### MATERIAL TO PROCESS:
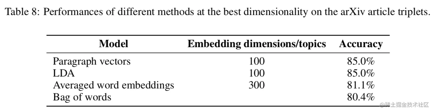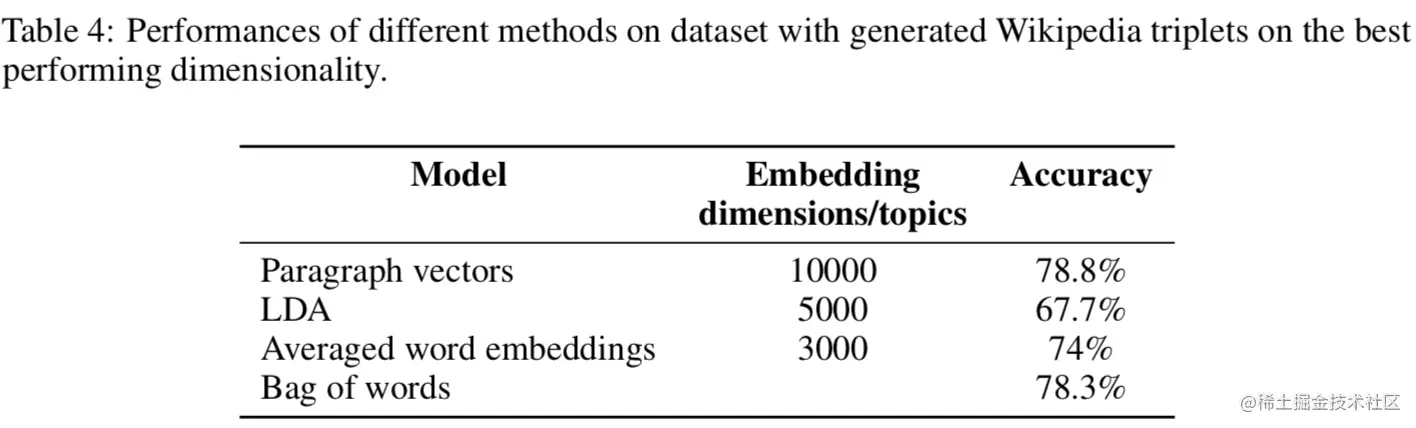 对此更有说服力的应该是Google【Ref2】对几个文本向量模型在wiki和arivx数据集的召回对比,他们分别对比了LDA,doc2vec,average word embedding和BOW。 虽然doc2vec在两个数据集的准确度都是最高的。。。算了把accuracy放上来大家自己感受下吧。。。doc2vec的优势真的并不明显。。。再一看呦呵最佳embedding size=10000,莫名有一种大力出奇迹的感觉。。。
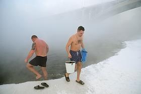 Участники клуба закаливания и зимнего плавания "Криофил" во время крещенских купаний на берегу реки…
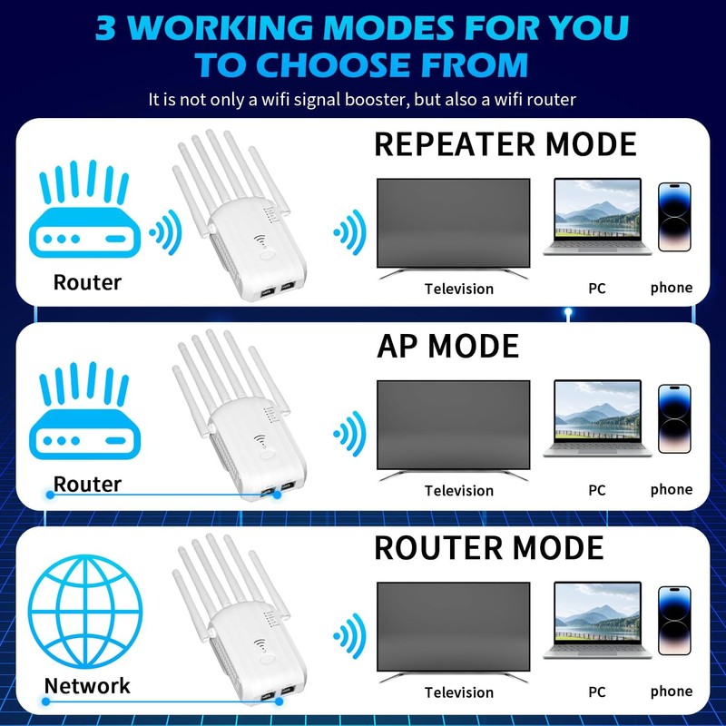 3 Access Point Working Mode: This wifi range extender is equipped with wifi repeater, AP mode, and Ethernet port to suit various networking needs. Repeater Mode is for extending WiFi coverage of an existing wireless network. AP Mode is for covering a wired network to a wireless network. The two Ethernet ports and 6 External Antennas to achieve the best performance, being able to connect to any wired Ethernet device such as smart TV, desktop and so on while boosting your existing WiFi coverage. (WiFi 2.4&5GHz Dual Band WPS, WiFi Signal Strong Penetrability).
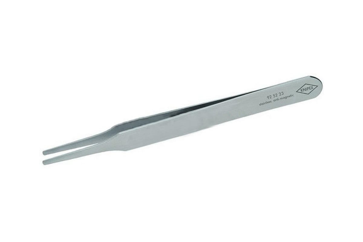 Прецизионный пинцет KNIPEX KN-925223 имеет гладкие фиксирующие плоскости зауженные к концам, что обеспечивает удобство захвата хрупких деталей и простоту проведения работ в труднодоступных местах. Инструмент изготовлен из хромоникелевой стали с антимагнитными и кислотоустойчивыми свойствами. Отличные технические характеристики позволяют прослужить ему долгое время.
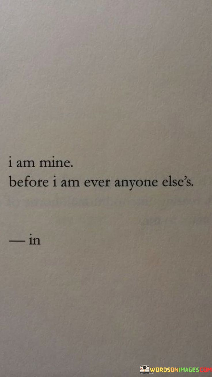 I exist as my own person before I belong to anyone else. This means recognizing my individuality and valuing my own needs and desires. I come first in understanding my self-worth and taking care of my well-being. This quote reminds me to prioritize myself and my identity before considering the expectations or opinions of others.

### INSTRUCTIONS TO FOLLOW:
Exact repetition of the material above is required, with the images removed.

### SOLUTION TO THIS PROBLEM:
 对此更有说服力的应该是Google【Ref2】对几个文本向量模型在wiki和arivx数据集的召回对比,他们分别对比了LDA,doc2vec,average word embedding和BOW。 虽然doc2vec在两个数据集的准确度都是最高的。。。算了把accuracy放上来大家自己感受下吧。。。doc2vec的优势真的并不明显。。。再一看呦呵最佳embedding size=10000,莫名有一种大力出奇迹的感觉。。。
 Участники клуба закаливания и зимнего плавания "Криофил" во время крещенских купаний на берегу реки…
 3 Access Point Working Mode: This wifi range extender is equipped with wifi repeater, AP mode, and Ethernet port to suit various networking needs. Repeater Mode is for extending WiFi coverage of an existing wireless network. AP Mode is for covering a wired network to a wireless network. The two Ethernet ports and 6 External Antennas to achieve the best performance, being able to connect to any wired Ethernet device such as smart TV, desktop and so on while boosting your existing WiFi coverage. (WiFi 2.4&5GHz Dual Band WPS, WiFi Signal Strong Penetrability).
 Прецизионный пинцет KNIPEX KN-925223 имеет гладкие фиксирующие плоскости зауженные к концам, что обеспечивает удобство захвата хрупких деталей и простоту проведения работ в труднодоступных местах. Инструмент изготовлен из хромоникелевой стали с антимагнитными и кислотоустойчивыми свойствами. Отличные технические характеристики позволяют прослужить ему долгое время.
 I exist as my own person before I belong to anyone else. This means recognizing my individuality and valuing my own needs and desires. I come first in understanding my self-worth and taking care of my well-being. This quote reminds me to prioritize myself and my identity before considering the expectations or opinions of others.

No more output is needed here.